If judgment is granted to plaintiff on the first cause of action for goods sold, delivered and unpaid for, the second and fourth causes of action for the sale and delivery of the same goods become academic; and accordingly the judgment in plaintiff’s favor on the second cause of action should be reversed, and the second and fourth causes of action dismissed as academic in view of the recovery I recommend on the first cause of action involving the same sale.
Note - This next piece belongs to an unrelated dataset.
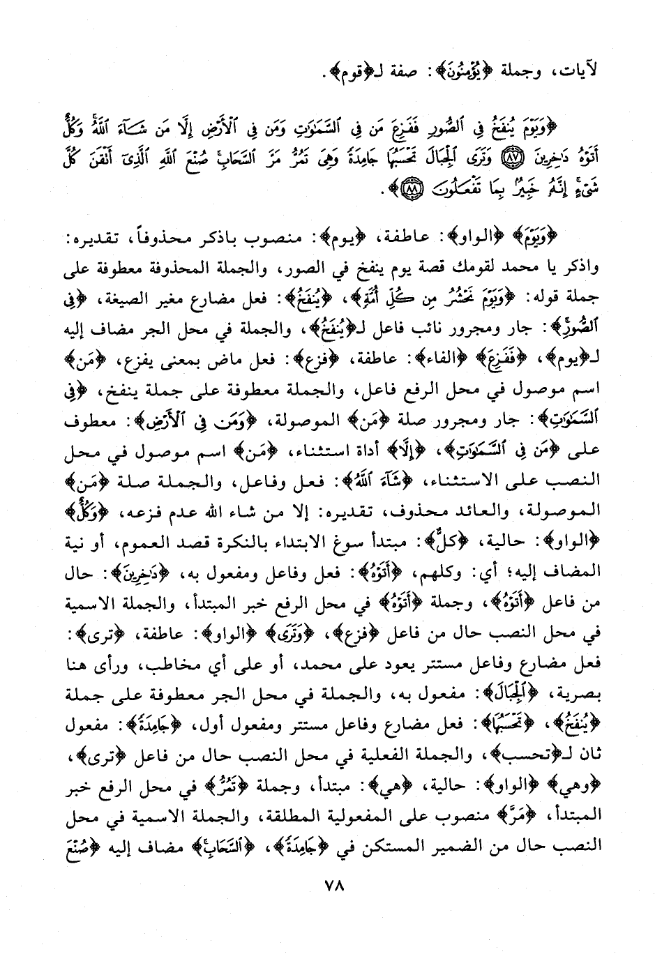 {وَيَوْمَ} {الواو}: عاطفة، {يَوْمَ}: منصوب باذكر محذوفًا، تقديره: واذكر يا محمد لقومك قصة يوم ينفخ في الصور، والجملة المحذوفة معطوفة على جملة قوله: {وَيَوْمَ نَحْشُرُ مِنْ كُلِّ أُمَّةٍ}، {يُنْفَخُ}: فعل مضارع مغير الصيغة، {فِي الصُّورِ}: جار ومجرور نائب فاعل لـ {يُنْفَخُ}، والجملة في محل الجر مضاف إليه لـ {وَيَوْمَ}، {فَفَزِعَ} {الفاء}: عاطفة، {فَزِعَ}: فعل ماض بمعنى يفزع، {مَنْ} اسم موصول في محل الرفع فاعل، والجملة معطوفة على جملة ينفخ، {فِي السَّمَاوَاتِ}: جار ومجرور صلة {مَنْ} الموصولة، {وَمَنْ فِي الْأَرْضِ}: معطوف على {مَنْ فِي السَّمَاوَاتِ}، {إِلَّا} أداة استثناء، {مَنْ} اسم موصول في محل النصب على الاستثناء، {شَاءَ اللَّهُ}: فعل وفاعل، والجملة صلة {مَنْ} الموصولة، والعائد محذوف، تقديره: إلا من شاء الله عدم فزعه، {وَكُلٌّ} {الواو}: حالية، {كُلٌّ}: مبتدأ سوغ الابتداء بالنكرة قصد العموم، أو نية المضاف إليه؛ أي: وكلهم، {أَتَوْهُ}: فعل وفاعل ومفعول به، {دَاخِرِينَ}: حال من فاعل {أَتَوْهُ}، وجملة {أَتَوْهُ} في محل الرفع خبر المبتدأ، والجملة الاسمية في محل النصب حال من فاعل {فَزِعَ}، {وَتَرَى} {الواو}: عاطفة، {تَرَى}: فعل مضارع وفاعل مستتر يعود على محمد، أو على أي مخاطب، ورأى هنا بصرية، {الْجِبَالَ}: مفعول به، والجملة في محل الجر معطوفة على جملة {يُنْفَخُ}، {تَحْسَبُهَا}: فعل مضارع وفاعل مستتر ومفعول أول، {جَامِدَةً}: مفعول ثان لـ {تَحْسَبُ}، والجملة الفعلية في محل النصب حال من فاعل {تَرَى}، {وَهِيَ} {الواو}: حالية، {هِيَ}: مبتدأ، وجملة {تَمُرُّ} في محل الرفع خبر المبتدأ، {مَرَّ} منصوب على المفعولية المطلقة، والجملة الاسمية في محل النصب حال من الضمير المستكن في {جَامِدَةً}، {السَّحَابِ} مضاف إليه {صُنْعَ

Plaintiff is entitled to recover under the third cause of action as an unpaid seller and there is no proof in the record that; assuming that Shetzline was defendant’s agent, the amounts involved are erroneous.
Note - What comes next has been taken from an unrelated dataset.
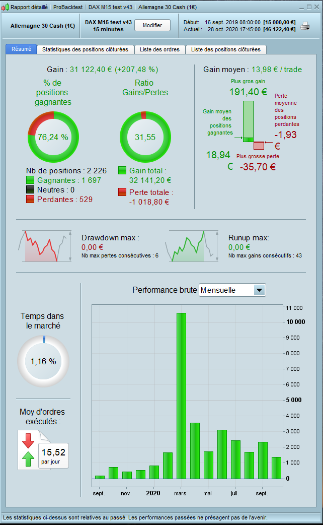 Variables have obviously been over-optimized for DAX 15 minutes 1€ with IG CFDs. WF provides a relatively high result… Not sure how this will work in live trading.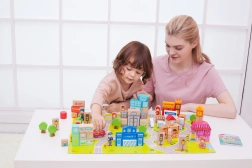 Z različnimi zgradbami in figurami se otroci lahko naučijo o poklicih in mestni infrastrukturi.

With regard to the contention basic to the majority opinion that the sales in question were on credit, in the first place the documentary evidence, the invoices as to both sales, expressly provide the terms were ‘1 net cash — fob our whse. ’ ’; and plaintiff’s witness on redirect testified that even as to sales for $10,000 or more, no credit was extended to Shetzline: “ we sold him the merchandise on a net cash basis ”. With regard to transactions of $10,000 or over payment “ in advance ” was required. The transactions in question both required immediate payment when the yarn arrived on presentation of invoice and bill of lading. Obviously that should not be deemed extension *122of credit. Shetzline had the same authority as the president, vice-president and treasurer of defendant to draw checks on the account in question, in fact as well as in express form as defendant’s agent; he had authority to draw, as agent, on plaintiff’s bank account for payment after the orders had been given and accepted by third parties such as this plaintiff. The accepted practice, even on defendant’s oral contentions, was that after Shetzline had ascertained the availability of the nylon yarn and defendant had approved the purchase at the price that Shetzline mentioned, he was then authorized first to close the deal with the third parties and thereafter to draw upon the Bangor account in payment.
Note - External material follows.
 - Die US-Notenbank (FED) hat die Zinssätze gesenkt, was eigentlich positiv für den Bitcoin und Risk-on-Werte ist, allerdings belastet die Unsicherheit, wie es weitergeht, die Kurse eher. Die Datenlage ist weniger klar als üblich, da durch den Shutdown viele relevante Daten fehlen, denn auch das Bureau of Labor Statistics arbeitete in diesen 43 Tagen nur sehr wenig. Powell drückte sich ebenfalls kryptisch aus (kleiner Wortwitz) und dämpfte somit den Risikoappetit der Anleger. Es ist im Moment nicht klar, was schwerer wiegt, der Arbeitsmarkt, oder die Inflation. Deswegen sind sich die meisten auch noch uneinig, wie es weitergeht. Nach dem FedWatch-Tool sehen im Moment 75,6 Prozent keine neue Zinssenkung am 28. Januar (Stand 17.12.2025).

Shetzline was authorized to obtain yarn for Bangor and to pay for it on Bangor’s behalf and Bangor should be obligated to pay on the first transaction for goods sold by plaintiff and received by Bangor and on the second for goods sold and not paid for.
For the reasons stated, I dissent and recommend that (1) judgment be granted plaintiff on the first cause of action for goods sold, delivered and unpaid for in the sum of $5,796.10 with interest from June 19,1951; (2) that the judgment in plaintiff’s favor on the second cause of action be reversed in view of the judgment granted plaintiff on the first cause of action involving the same sale and for the same reason also that the second and fourth causes of aption be dismissed as academic; and (3) that judgment be granted to plaintiff on the third cause of action for the balance of $7,387.28, with costs to plaintiff-respondent-appellant.